> **Exercise instructions**
What you give must be the lines from the one containing "Adesivos de Parede Adesivos" through the last line of the listing below, exactly, with nothing else and no pictures.

> **Data excerpt**
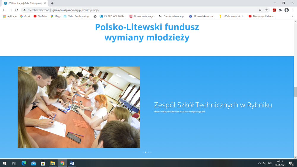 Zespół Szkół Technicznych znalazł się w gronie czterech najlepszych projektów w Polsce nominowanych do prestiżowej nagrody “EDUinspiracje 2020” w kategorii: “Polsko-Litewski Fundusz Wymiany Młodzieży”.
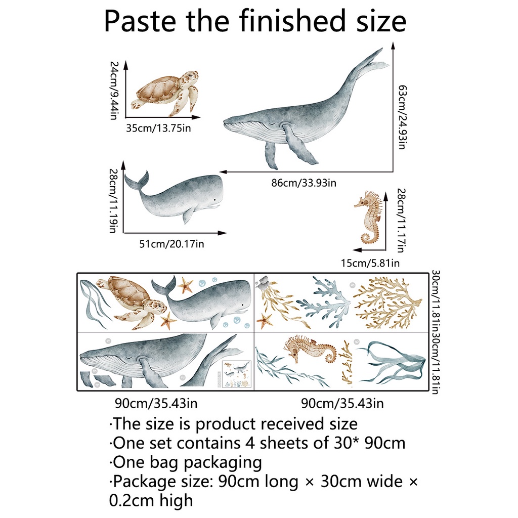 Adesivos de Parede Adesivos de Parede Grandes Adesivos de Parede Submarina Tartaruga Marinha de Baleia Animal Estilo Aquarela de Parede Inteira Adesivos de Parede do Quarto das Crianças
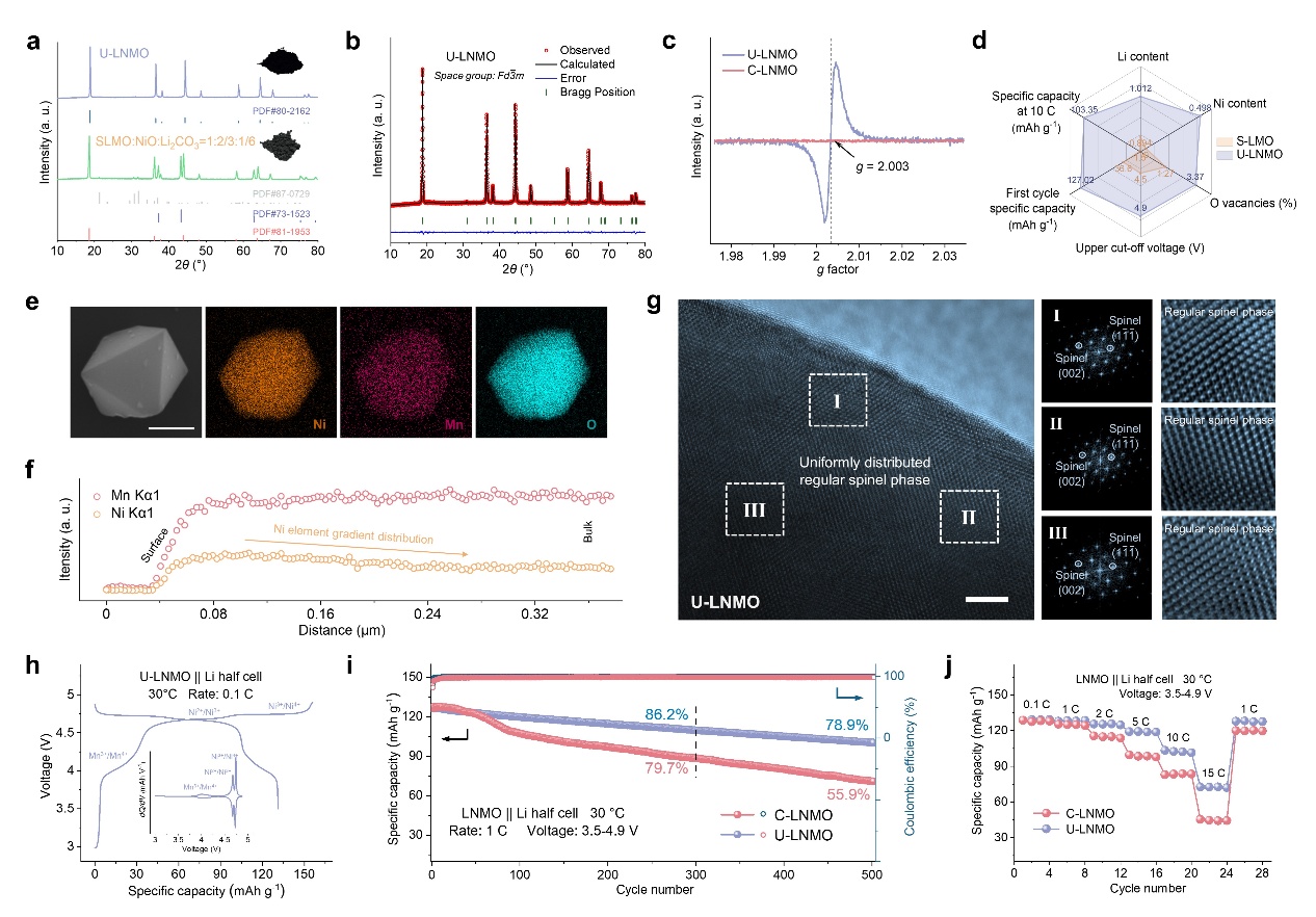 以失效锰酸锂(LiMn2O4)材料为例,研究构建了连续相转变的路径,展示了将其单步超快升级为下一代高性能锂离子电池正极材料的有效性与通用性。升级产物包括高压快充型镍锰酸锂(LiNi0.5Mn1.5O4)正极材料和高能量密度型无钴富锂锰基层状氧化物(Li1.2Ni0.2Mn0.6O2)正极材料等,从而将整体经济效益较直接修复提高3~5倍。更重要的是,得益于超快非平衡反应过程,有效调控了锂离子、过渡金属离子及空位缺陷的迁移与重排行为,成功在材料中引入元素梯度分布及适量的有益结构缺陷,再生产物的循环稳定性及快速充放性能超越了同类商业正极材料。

> **Task response**
 Adesivos de Parede Adesivos de Parede Grandes Adesivos de Parede Submarina Tartaruga Marinha de Baleia Animal Estilo Aquarela de Parede Inteira Adesivos de Parede do Quarto das Crianças
 以失效锰酸锂(LiMn2O4)材料为例,研究构建了连续相转变的路径,展示了将其单步超快升级为下一代高性能锂离子电池正极材料的有效性与通用性。升级产物包括高压快充型镍锰酸锂(LiNi0.5Mn1.5O4)正极材料和高能量密度型无钴富锂锰基层状氧化物(Li1.2Ni0.2Mn0.6O2)正极材料等,从而将整体经济效益较直接修复提高3~5倍。更重要的是,得益于超快非平衡反应过程,有效调控了锂离子、过渡金属离子及空位缺陷的迁移与重排行为,成功在材料中引入元素梯度分布及适量的有益结构缺陷,再生产物的循环稳定性及快速充放性能超越了同类商业正极材料。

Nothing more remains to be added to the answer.